REQUIREMENT: Write out all the entries word for word, but skip any images.

:: PROVIDED INFORMATION

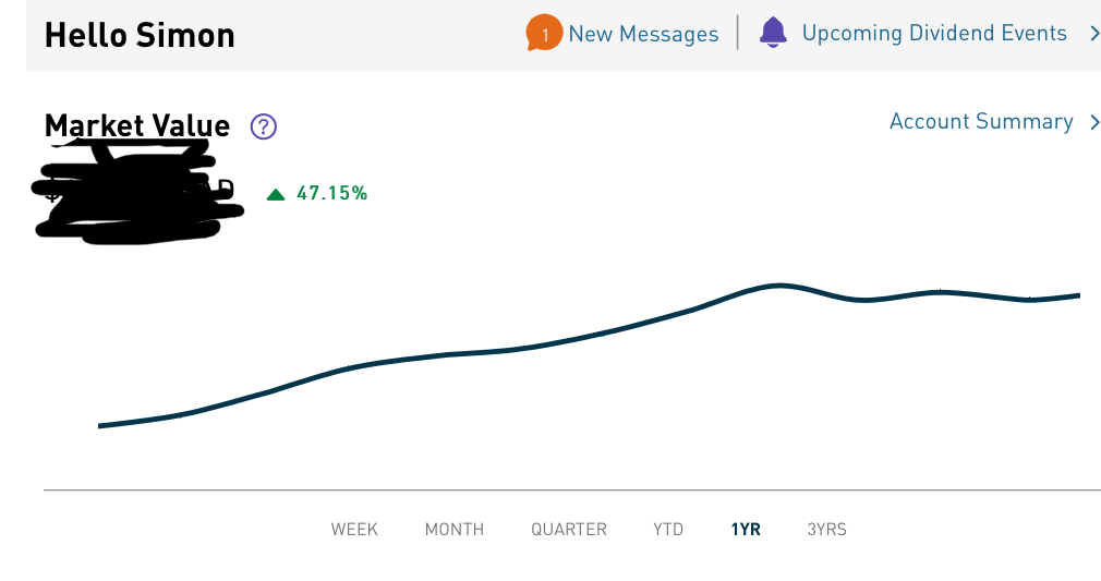 The performance of the portfolio has been just less than flat. The performance over the previous year (and essentially the same as YTD) has been good around 47%. For clarity, the way my brokerage accounts this performance isn’t quite true performance as I’ve contributed funds worth a couple of percentage points so feel free to discount 2 or 3% of performance.
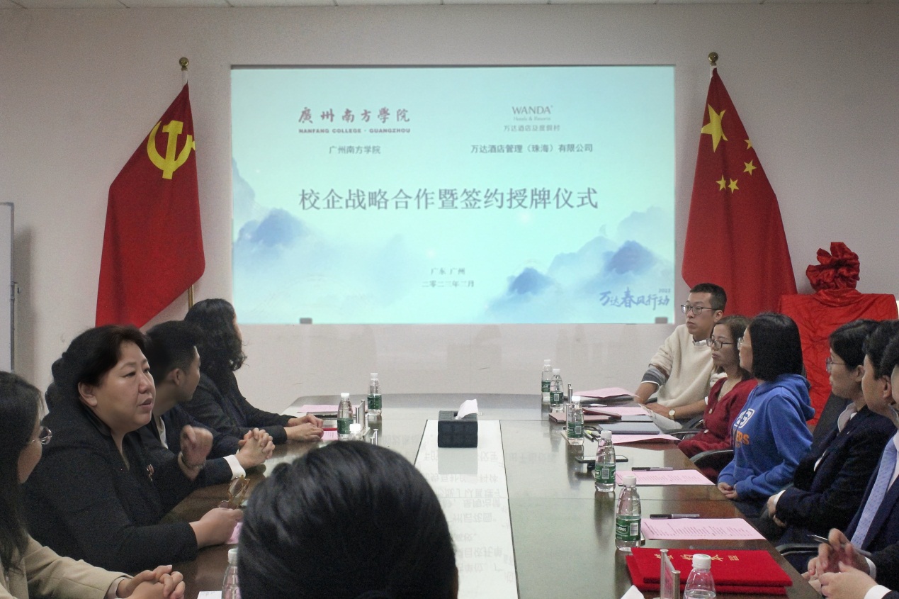 3月8日下午,伟德国际1949始于英国与万达酒店及度假村战略合作签约暨揭牌仪式在伟德国际1949始于英国会议室顺利举行。出席本次签约暨揭牌仪式的有伟德国际1949始于英国院长何兴强教授、伟德国际1949始于英国副院长王亚欣教授、产学研合作处叶娜处长、继续教育学院王诚副院长、伟德国际1949始于英国学工办负责就业的林苏榕老师及教师和学生代表,万达酒店及度假村总部人力行政中心常务副总经理王平先生、万达酒店及度假村总部人力行政中心招聘经理朱宇昂先生、广州增城富力万达嘉华酒店人力资源总监许薇女士、江门富力万达嘉华酒店人力资源行政总监王石先生。会议由王亚欣副院长主持。
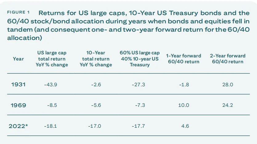 经典的“60/40”股票/债券配置双方之前均被抛售是在1931年和1969年。两年后,进入1934年和1972年,核心分配增加了20%以上。虽然没有人知道在惨淡的2022年之后,我们将如何进入2025 年,但我们相信股票和债券的机会就在眼前。
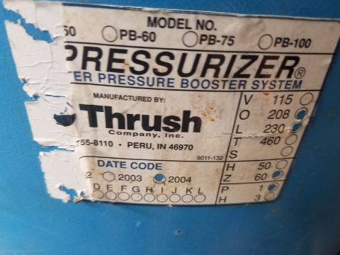 Thrush PB-50 pressurized water booster system, volt 208/230, 1-phase, 1 1/2 HR pump (Loading Fee $50) (Located Fort Worth, TX)
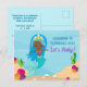 Junte-se a nós debaixo do mar para uma festa de aniversário infantil caprichosa para uma menina afro-americana que ama sereias de cabelo roxo. Esses convites de festa em forma de cartão postal apresentam uma adorável sereia negra de cabelo azul nadando em torno do lindo coral oceânico. Um tema de festa na piscina infantil legal com água azul profunda.
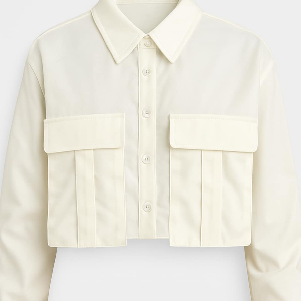 Camicia crop bianca dal taglio moderno, realizzata in tessuto leggero e confortevole. Il modello presenta due tasconi frontali, colletto classico e maniche lunghe con polsino. La vestibilità è morbida sul busto e più corta sul punto vita, perfetta da abbinare a gonne o pantaloni a vita alta per un look fresco e contemporaneo.
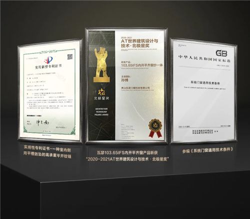 荣誉彰显高端门窗品牌实力,瓦瑟系统门窗在产品技术研发方面展现出卓越创造力同时为中国门窗行业的标准化建设和高质量发展持续贡献力量。
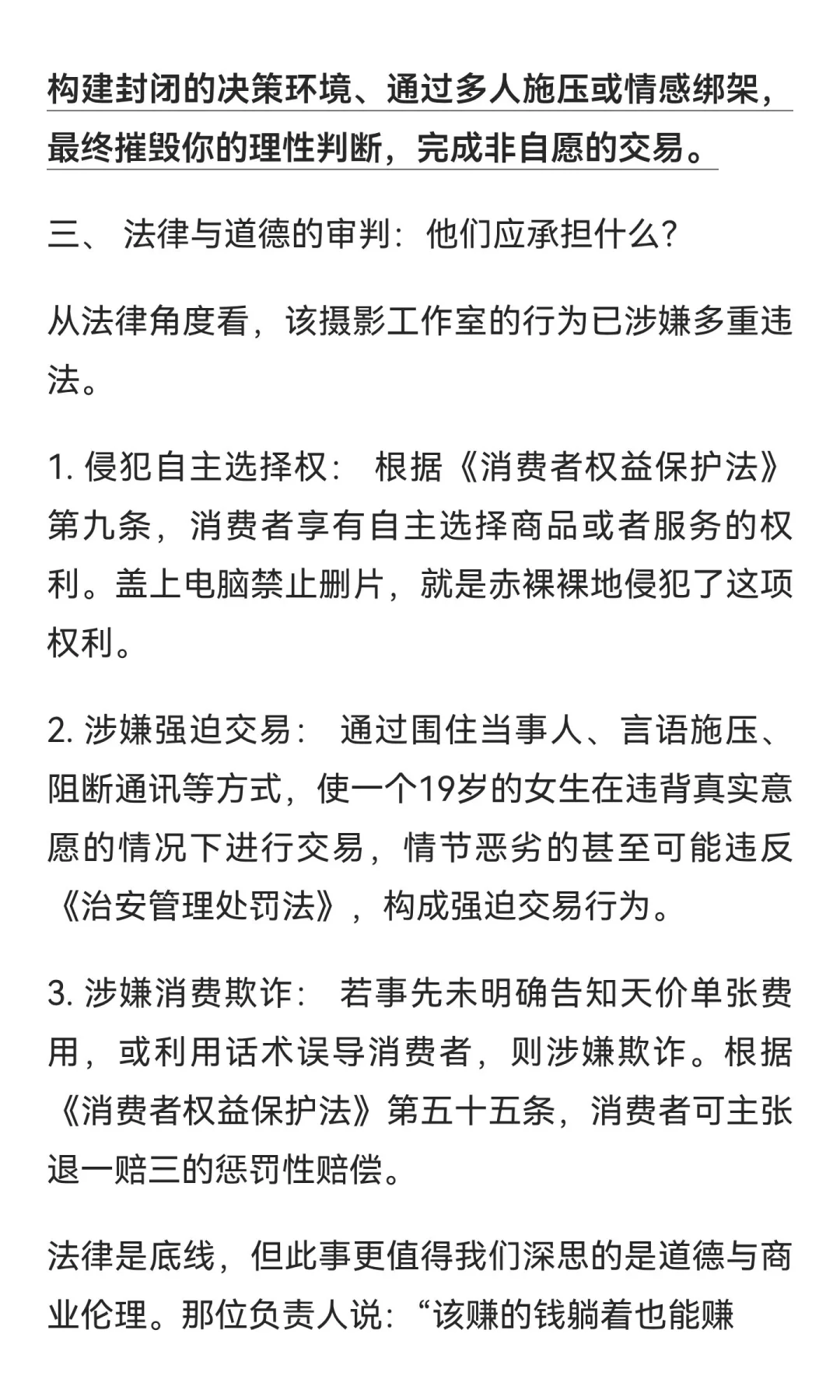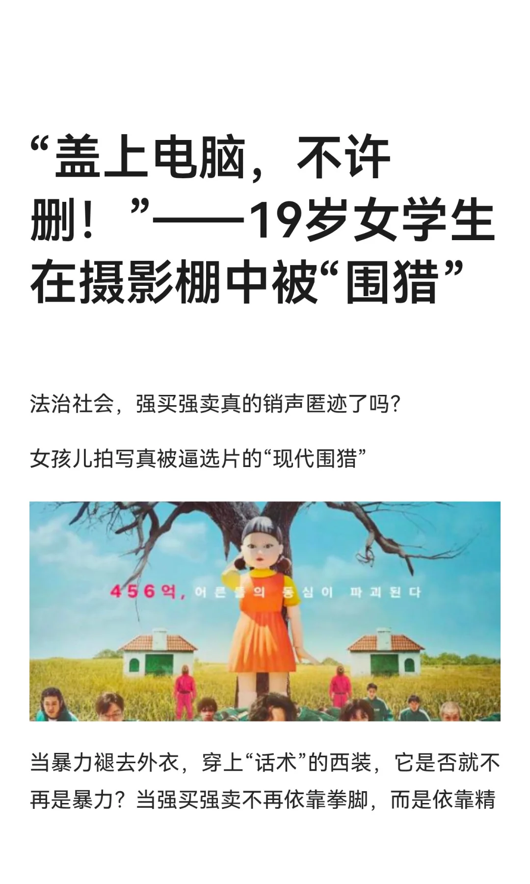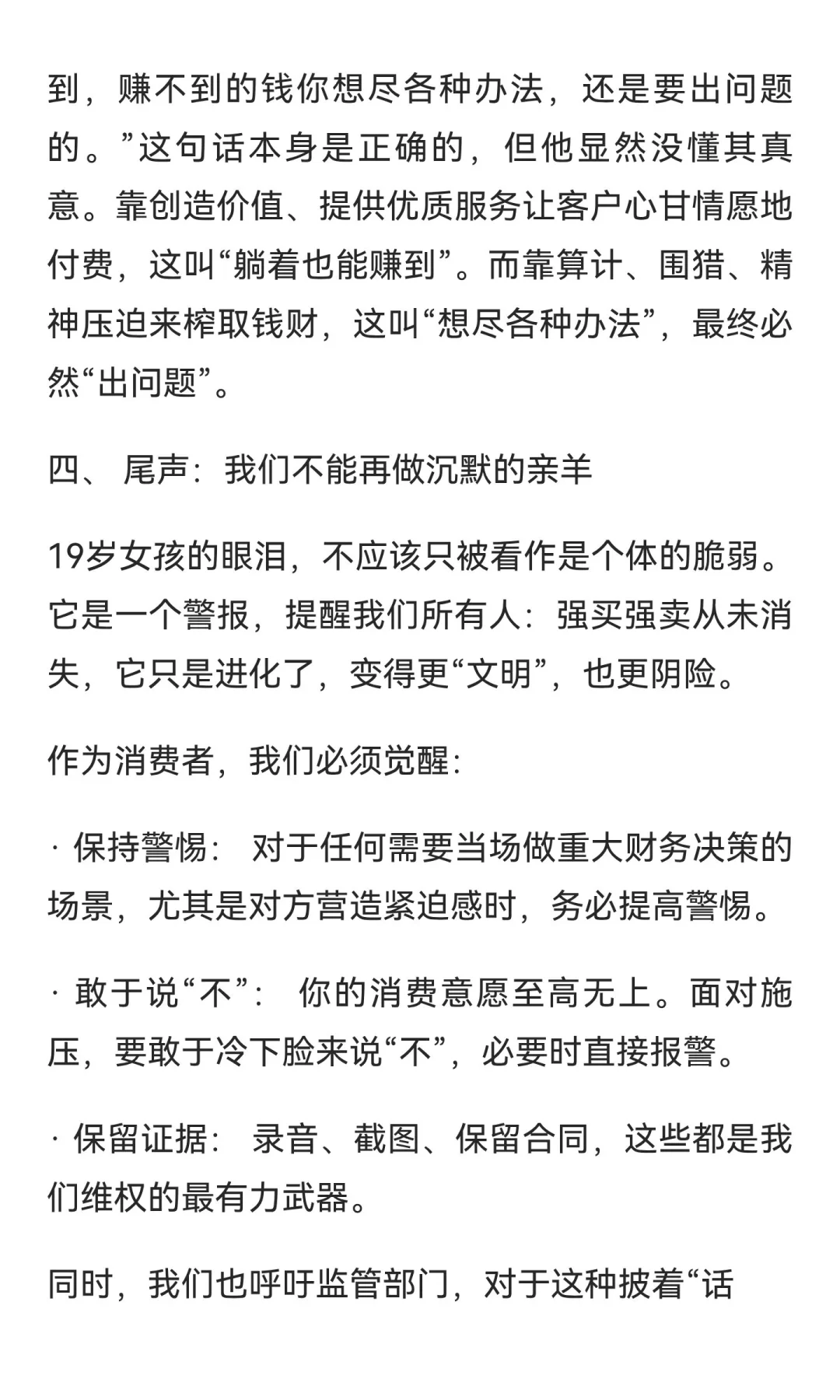 强买强卖在“话术”包装下仍存在,通过精神施压和信息不对称,商家剥夺消费者选择权,甚至违法。消费者需保持警惕,敢于说“不”,保留证据,同时呼吁加强监管,维护市场公平。

::::

RESPONSE TO THIS TASK:
 The performance of the portfolio has been just less than flat. The performance over the previous year (and essentially the same as YTD) has been good around 47%. For clarity, the way my brokerage accounts this performance isn’t quite true performance as I’ve contributed funds worth a couple of percentage points so feel free to discount 2 or 3% of performance.
 3月8日下午,伟德国际1949始于英国与万达酒店及度假村战略合作签约暨揭牌仪式在伟德国际1949始于英国会议室顺利举行。出席本次签约暨揭牌仪式的有伟德国际1949始于英国院长何兴强教授、伟德国际1949始于英国副院长王亚欣教授、产学研合作处叶娜处长、继续教育学院王诚副院长、伟德国际1949始于英国学工办负责就业的林苏榕老师及教师和学生代表,万达酒店及度假村总部人力行政中心常务副总经理王平先生、万达酒店及度假村总部人力行政中心招聘经理朱宇昂先生、广州增城富力万达嘉华酒店人力资源总监许薇女士、江门富力万达嘉华酒店人力资源行政总监王石先生。会议由王亚欣副院长主持。
 经典的“60/40”股票/债券配置双方之前均被抛售是在1931年和1969年。两年后,进入1934年和1972年,核心分配增加了20%以上。虽然没有人知道在惨淡的2022年之后,我们将如何进入2025 年,但我们相信股票和债券的机会就在眼前。
 Thrush PB-50 pressurized water booster system, volt 208/230, 1-phase, 1 1/2 HR pump (Loading Fee $50) (Located Fort Worth, TX)
 Junte-se a nós debaixo do mar para uma festa de aniversário infantil caprichosa para uma menina afro-americana que ama sereias de cabelo roxo. Esses convites de festa em forma de cartão postal apresentam uma adorável sereia negra de cabelo azul nadando em torno do lindo coral oceânico. Um tema de festa na piscina infantil legal com água azul profunda.
 Camicia crop bianca dal taglio moderno, realizzata in tessuto leggero e confortevole. Il modello presenta due tasconi frontali, colletto classico e maniche lunghe con polsino. La vestibilità è morbida sul busto e più corta sul punto vita, perfetta da abbinare a gonne o pantaloni a vita alta per un look fresco e contemporaneo.
 荣誉彰显高端门窗品牌实力,瓦瑟系统门窗在产品技术研发方面展现出卓越创造力同时为中国门窗行业的标准化建设和高质量发展持续贡献力量。
 强买强卖在“话术”包装下仍存在,通过精神施压和信息不对称,商家剥夺消费者选择权,甚至违法。消费者需保持警惕,敢于说“不”,保留证据,同时呼吁加强监管,维护市场公平。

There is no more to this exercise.